Indeed, Darnell and Dao (2017) concluded that the CA can “contribute toward an ethical conceptualization of sport’s place within efforts to improve the lives of underserved people and communities,” (p. 24) by arguing that the ethical and political underpinnings of the CA are congruent with a transformative vision for SFD. In so doing, they highlight Nussbaum’s (2011) central capabilities list and show that the CA offers an opportunity to advance sport as both intrinsically and instrumentally valuable, and therefore a right to which people are entitled. In a compatible analysis, Svensson and Levine (2017), drawing on Sen, suggest that the CA encourages, and even forces, practitioners and researchers to consider the implications of institutional and policy arrangements in SFD and how these impact the freedoms and capabilities of participants (Svensson & Levine, 2017).

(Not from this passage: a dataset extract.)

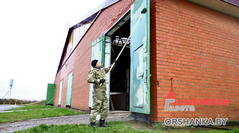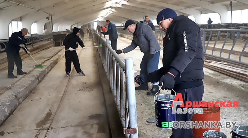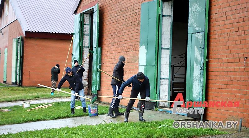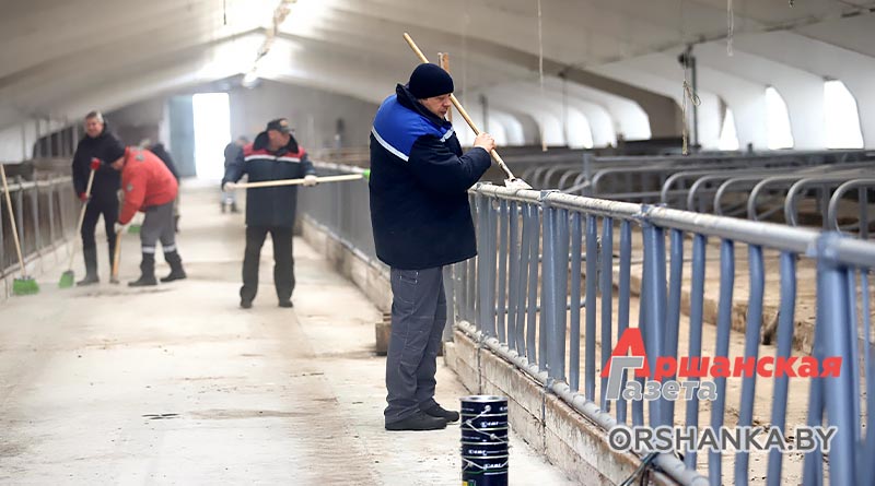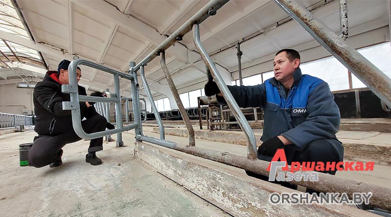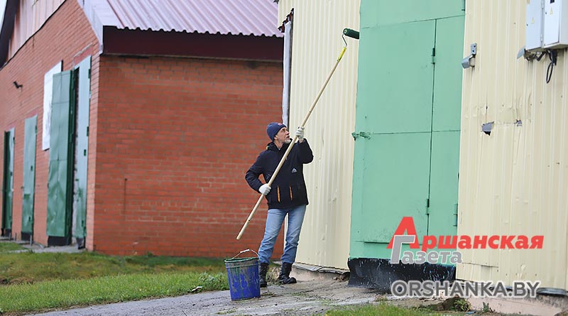 Работы на объекте начались с подъездных путей, где обкосом территории подстанции и столбов ЛЭП возле МТК занимаются работники Оршанских электросетей. На самом комплексе проводится ремонт и покраска ворот, стойлового оборудования, фронтонов и плитки внутри сараев, сварочные работы. Красят контейнеры и площадку для уборки мусора.

They further suggest that the CA in SFD research might provide a normative guideline for research without requiring a commitment to particular epistemological or methodological approach.

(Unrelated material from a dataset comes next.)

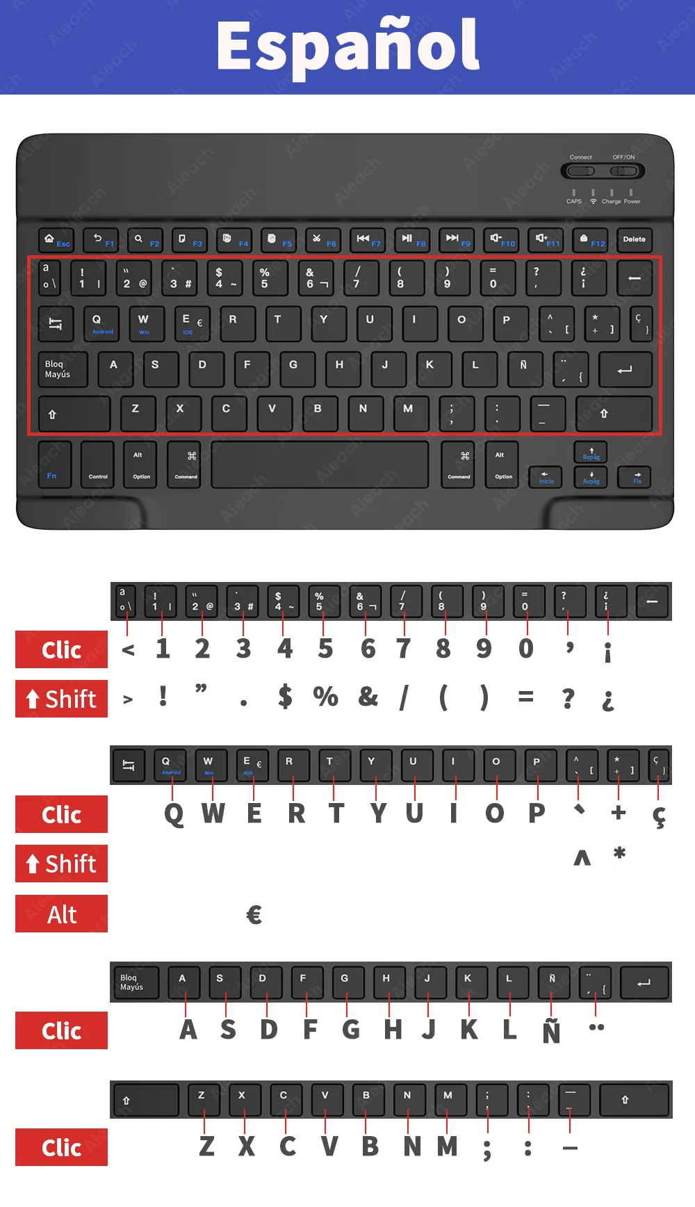 R: Presione Fn+Q(Android)/Fn+W(Windows)/Fn+E(iOS) para cambiar el sistema.Los diferentes atajos del sistema son diferentes.(Cambiar al sistema incorrecto afectará la entrada de contenido del teclado).

In practice, reified gender differences must be integrated into a comprehensive analysis in the CA paradigm. Adaptive preferences have a fundamental effect on a person’s choice and experience of achieved functionings; to facilitate a move from obscured input in a traditional theory of change model to an informative insight that contributes to understanding processes of development, adaptive preference appears in Robeyns’ model as an element of constrained choice. Thus, functionings (as outcomes in/of SFD) are still a part of analysis in the CA framework, but they are deemphasized in favor of more thorough exploration of the process by which capabilities are generated and experienced. By considering conversion factors (including as a contributor to preference formation), the CA reminds researchers and practitioners that SFD does not work in isolation, but rather within larger systems and structures that are often in neoliberal, postcolonial, and patriarchal frames. Much of the SFD research and program evaluation tends to overlook or deemphasize these social and environmental factors (Sanders, 2016). Not only does examining SFD from this vantage help explain and understand the experiences of participants and practitioners in SFD, but it also helps the researcher form effective critiques.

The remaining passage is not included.